- [Stored dataset items]:
--

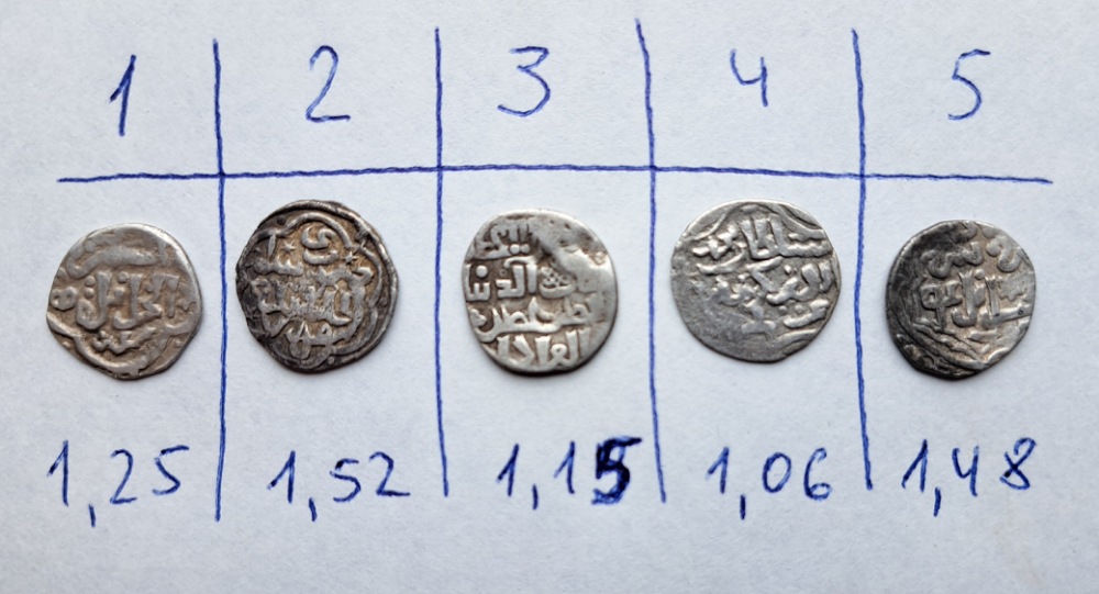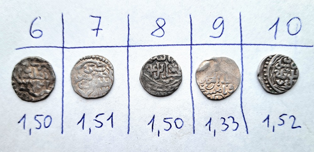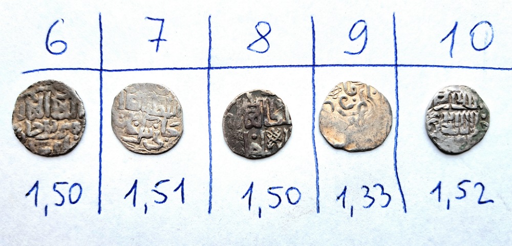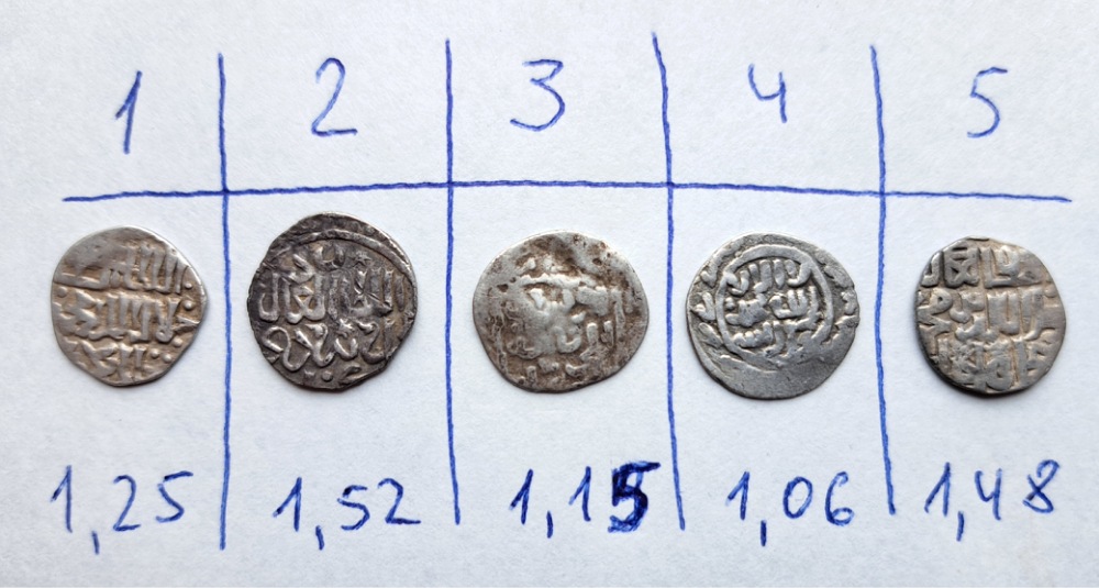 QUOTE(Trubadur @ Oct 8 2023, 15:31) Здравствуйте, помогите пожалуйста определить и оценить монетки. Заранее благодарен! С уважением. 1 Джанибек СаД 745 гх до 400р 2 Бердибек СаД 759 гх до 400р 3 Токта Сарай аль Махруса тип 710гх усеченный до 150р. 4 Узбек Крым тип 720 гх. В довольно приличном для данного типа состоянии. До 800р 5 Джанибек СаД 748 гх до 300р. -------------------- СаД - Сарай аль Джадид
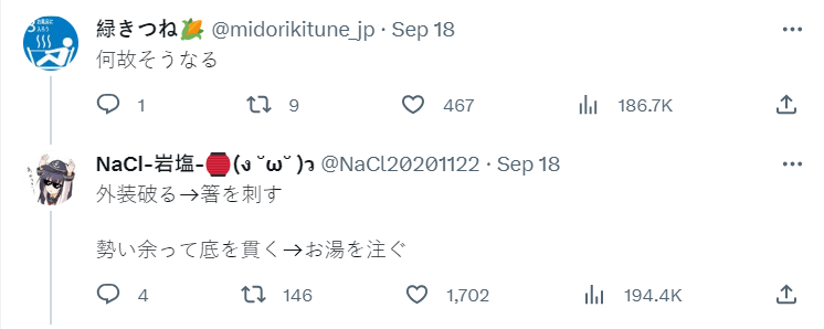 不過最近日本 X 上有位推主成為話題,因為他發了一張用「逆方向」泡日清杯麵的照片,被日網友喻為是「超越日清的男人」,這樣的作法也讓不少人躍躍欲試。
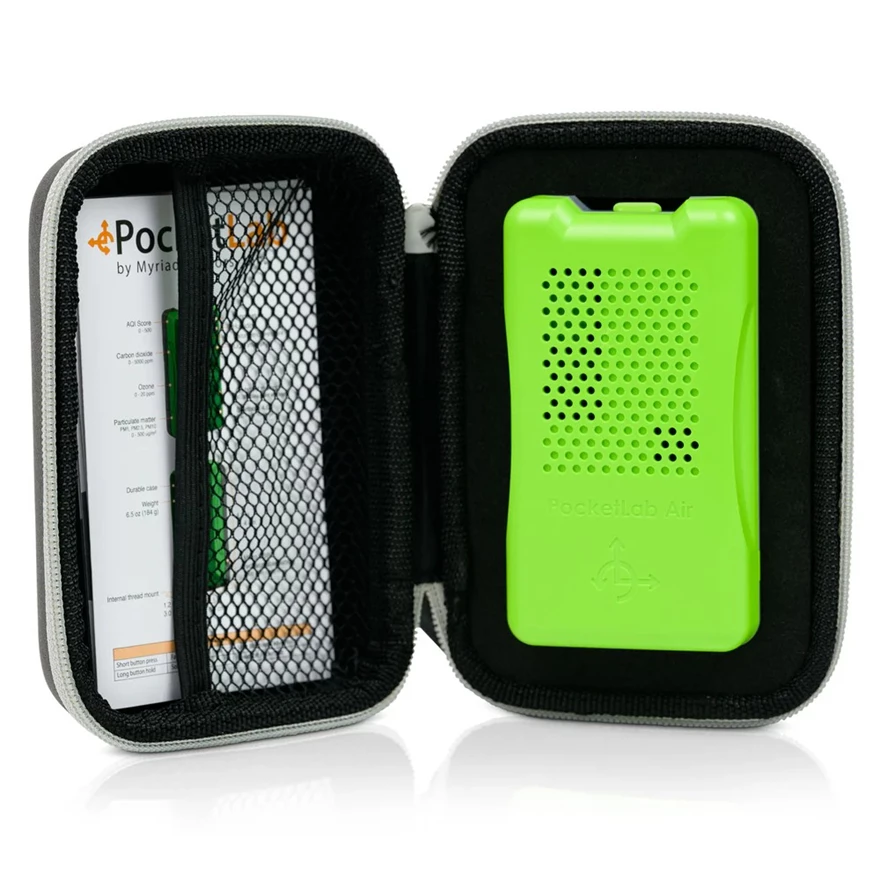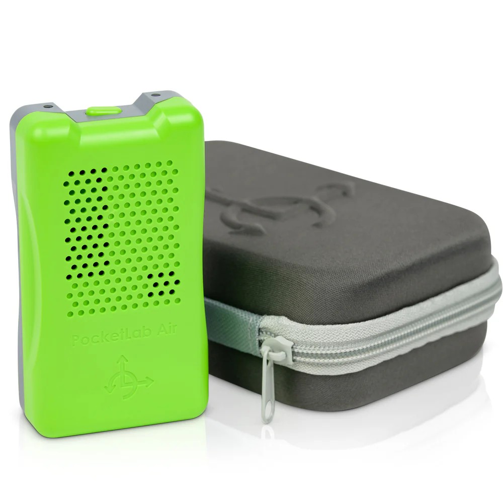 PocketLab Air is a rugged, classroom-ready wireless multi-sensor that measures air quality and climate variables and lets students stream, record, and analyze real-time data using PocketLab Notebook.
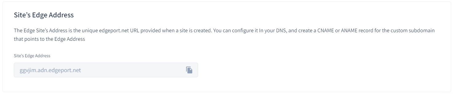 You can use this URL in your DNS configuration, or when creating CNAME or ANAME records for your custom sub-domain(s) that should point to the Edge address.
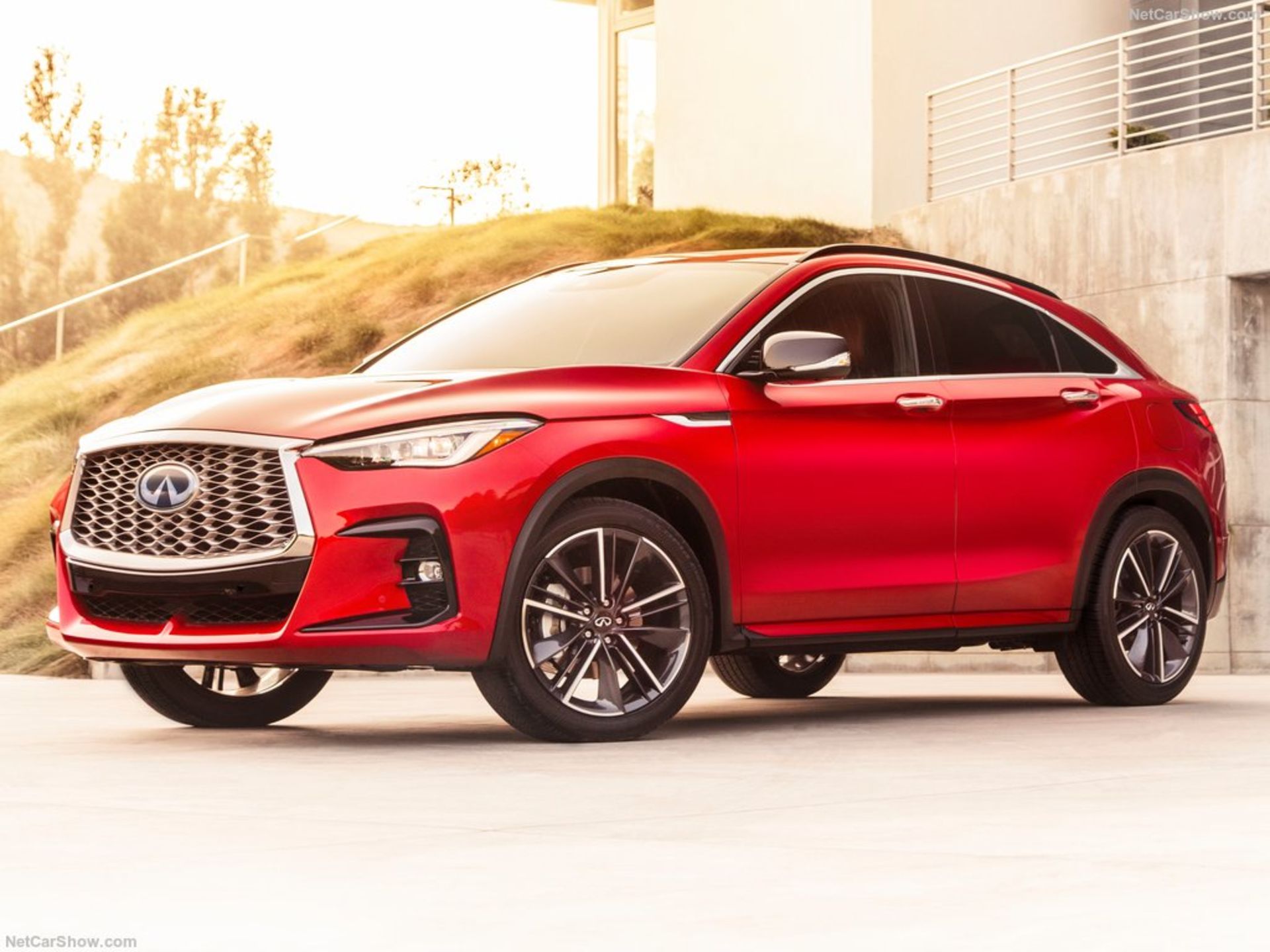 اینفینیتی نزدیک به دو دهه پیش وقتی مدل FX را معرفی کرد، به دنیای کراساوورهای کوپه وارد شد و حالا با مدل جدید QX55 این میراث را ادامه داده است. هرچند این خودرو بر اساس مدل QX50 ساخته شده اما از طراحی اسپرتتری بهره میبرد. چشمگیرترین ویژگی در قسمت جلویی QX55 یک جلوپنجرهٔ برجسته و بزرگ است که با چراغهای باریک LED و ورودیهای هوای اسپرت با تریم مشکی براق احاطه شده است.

--

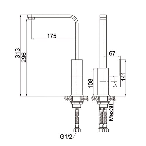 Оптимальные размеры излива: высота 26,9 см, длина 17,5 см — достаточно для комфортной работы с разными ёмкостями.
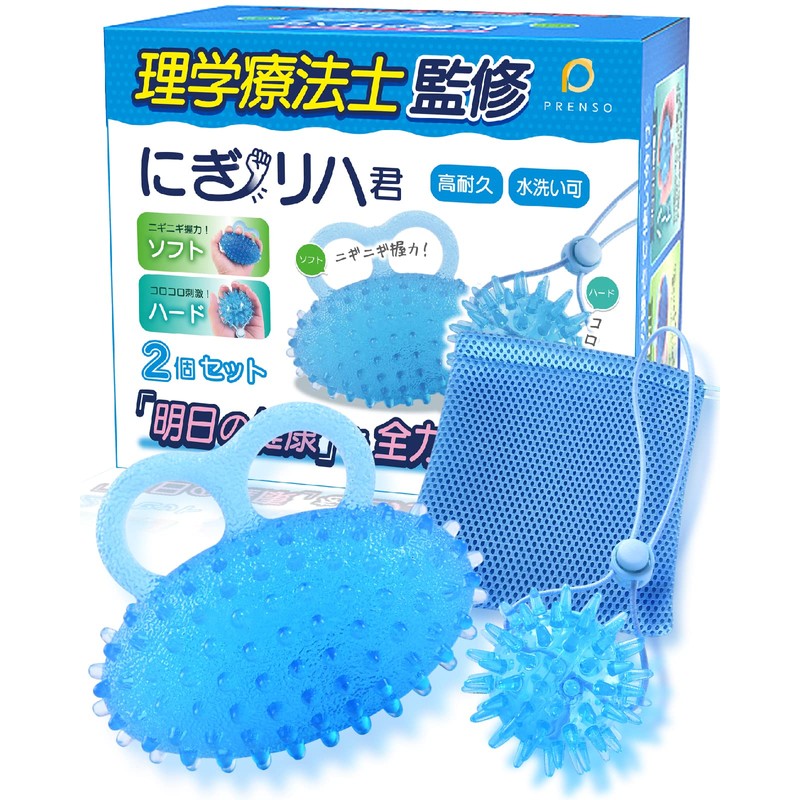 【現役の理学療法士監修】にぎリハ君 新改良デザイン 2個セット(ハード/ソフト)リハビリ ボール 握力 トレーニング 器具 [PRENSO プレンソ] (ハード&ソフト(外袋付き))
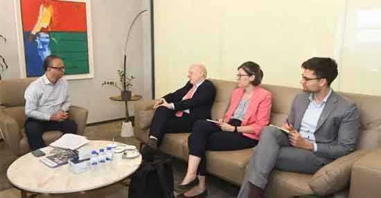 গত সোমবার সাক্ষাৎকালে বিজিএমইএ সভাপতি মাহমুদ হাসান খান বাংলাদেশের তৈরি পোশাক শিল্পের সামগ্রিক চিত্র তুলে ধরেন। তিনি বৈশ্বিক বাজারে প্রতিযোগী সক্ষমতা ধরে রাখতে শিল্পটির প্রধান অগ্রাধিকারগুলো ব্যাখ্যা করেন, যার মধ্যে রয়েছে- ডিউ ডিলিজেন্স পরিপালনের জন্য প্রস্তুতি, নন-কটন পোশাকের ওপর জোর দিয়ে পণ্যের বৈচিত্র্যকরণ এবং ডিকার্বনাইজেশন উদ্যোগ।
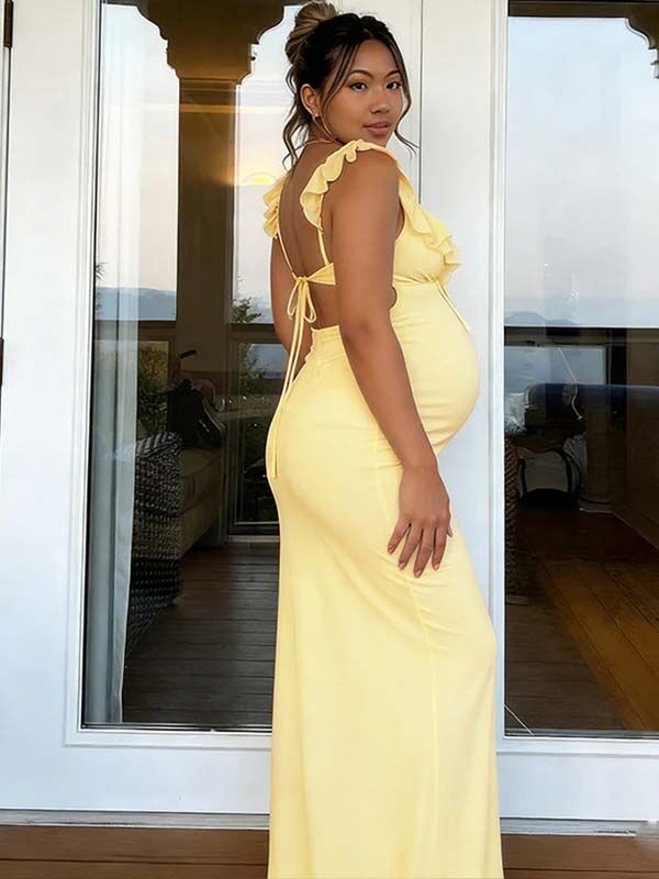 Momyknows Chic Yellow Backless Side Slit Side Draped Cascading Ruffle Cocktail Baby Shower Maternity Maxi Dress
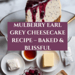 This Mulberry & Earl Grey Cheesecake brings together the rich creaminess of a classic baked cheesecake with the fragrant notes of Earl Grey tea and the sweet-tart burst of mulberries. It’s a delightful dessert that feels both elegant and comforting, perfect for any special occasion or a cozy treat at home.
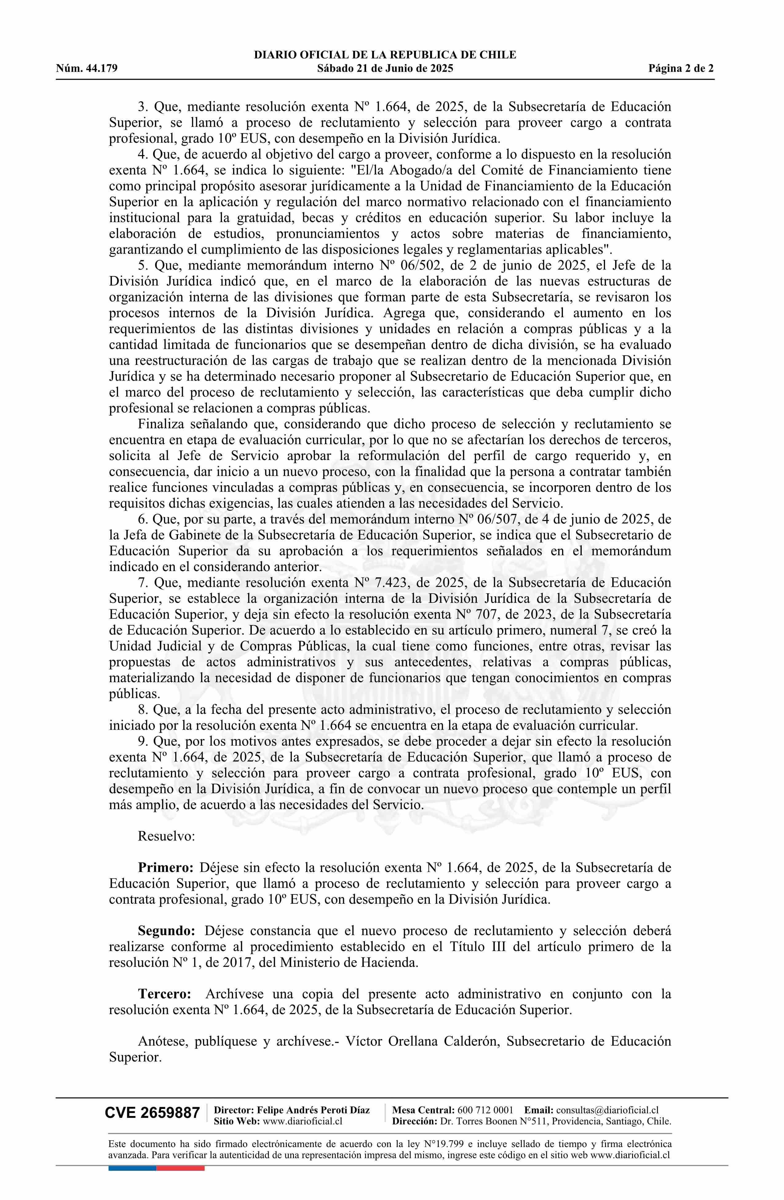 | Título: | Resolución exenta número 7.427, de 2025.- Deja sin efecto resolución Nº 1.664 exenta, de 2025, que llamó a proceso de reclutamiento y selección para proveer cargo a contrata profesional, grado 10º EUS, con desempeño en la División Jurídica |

--

Write back word for word every line in the entries above from the one with "You can use" to the one with "اینفینیتی نزدیک به", ends included, and none of the pictures.

 You can use this URL in your DNS configuration, or when creating CNAME or ANAME records for your custom sub-domain(s) that should point to the Edge address.
 اینفینیتی نزدیک به دو دهه پیش وقتی مدل FX را معرفی کرد، به دنیای کراساوورهای کوپه وارد شد و حالا با مدل جدید QX55 این میراث را ادامه داده است. هرچند این خودرو بر اساس مدل QX50 ساخته شده اما از طراحی اسپرتتری بهره میبرد. چشمگیرترین ویژگی در قسمت جلویی QX55 یک جلوپنجرهٔ برجسته و بزرگ است که با چراغهای باریک LED و ورودیهای هوای اسپرت با تریم مشکی براق احاطه شده است.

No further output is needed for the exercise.